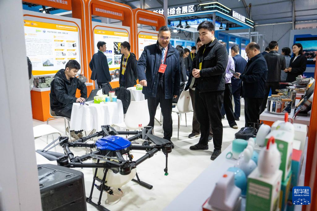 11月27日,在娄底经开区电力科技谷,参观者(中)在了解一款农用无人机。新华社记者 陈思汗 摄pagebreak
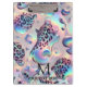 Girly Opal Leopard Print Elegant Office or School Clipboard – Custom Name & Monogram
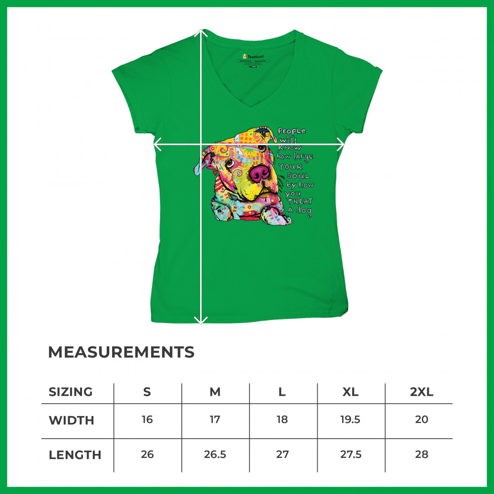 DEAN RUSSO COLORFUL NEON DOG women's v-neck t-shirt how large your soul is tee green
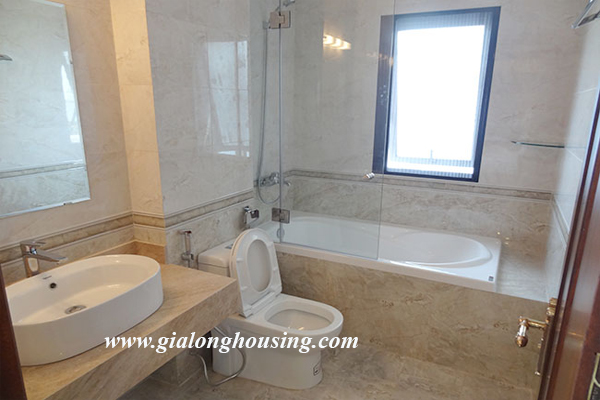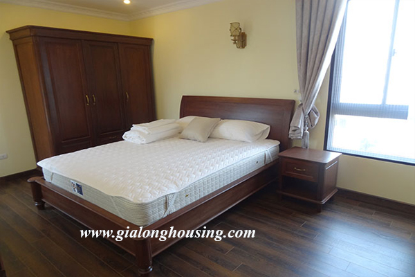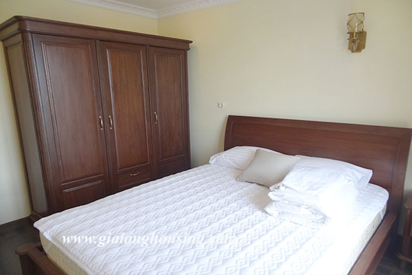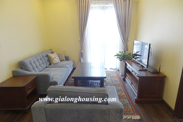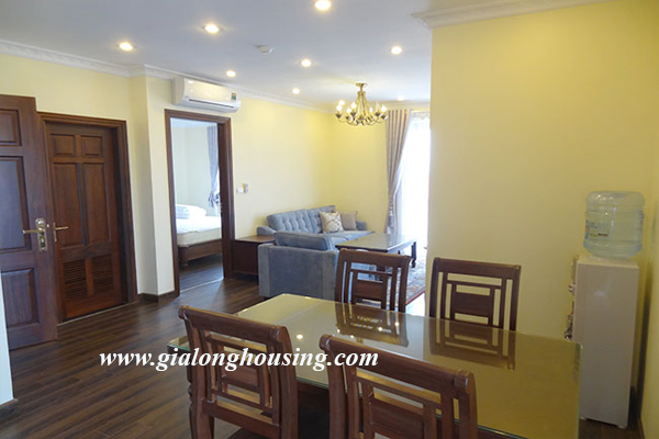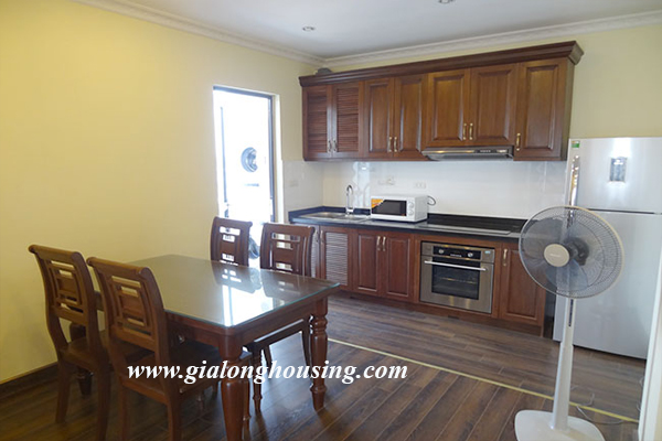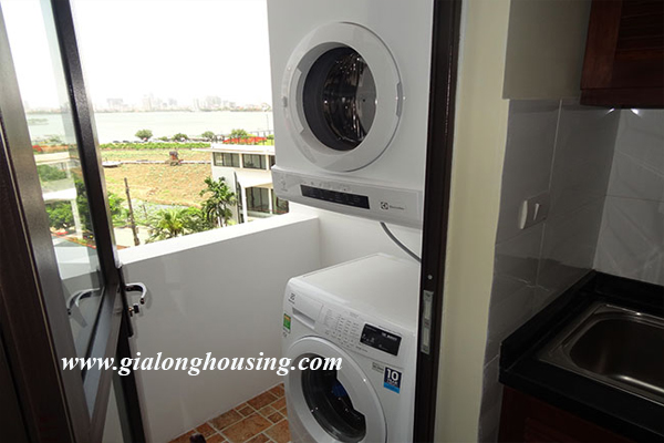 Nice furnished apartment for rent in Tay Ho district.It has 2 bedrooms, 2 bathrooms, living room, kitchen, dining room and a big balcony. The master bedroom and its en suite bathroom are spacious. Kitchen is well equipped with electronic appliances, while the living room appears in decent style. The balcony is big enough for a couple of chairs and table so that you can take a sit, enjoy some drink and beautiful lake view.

## Task instructions
Return each of the lines exactly as they appear above, with no images.

## Result below
 11月27日,在娄底经开区电力科技谷,参观者(中)在了解一款农用无人机。新华社记者 陈思汗 摄pagebreak
 Girly Opal Leopard Print Elegant Office or School Clipboard – Custom Name & Monogram
 DEAN RUSSO COLORFUL NEON DOG women's v-neck t-shirt how large your soul is tee green
 Nice furnished apartment for rent in Tay Ho district.It has 2 bedrooms, 2 bathrooms, living room, kitchen, dining room and a big balcony. The master bedroom and its en suite bathroom are spacious. Kitchen is well equipped with electronic appliances, while the living room appears in decent style. The balcony is big enough for a couple of chairs and table so that you can take a sit, enjoy some drink and beautiful lake view.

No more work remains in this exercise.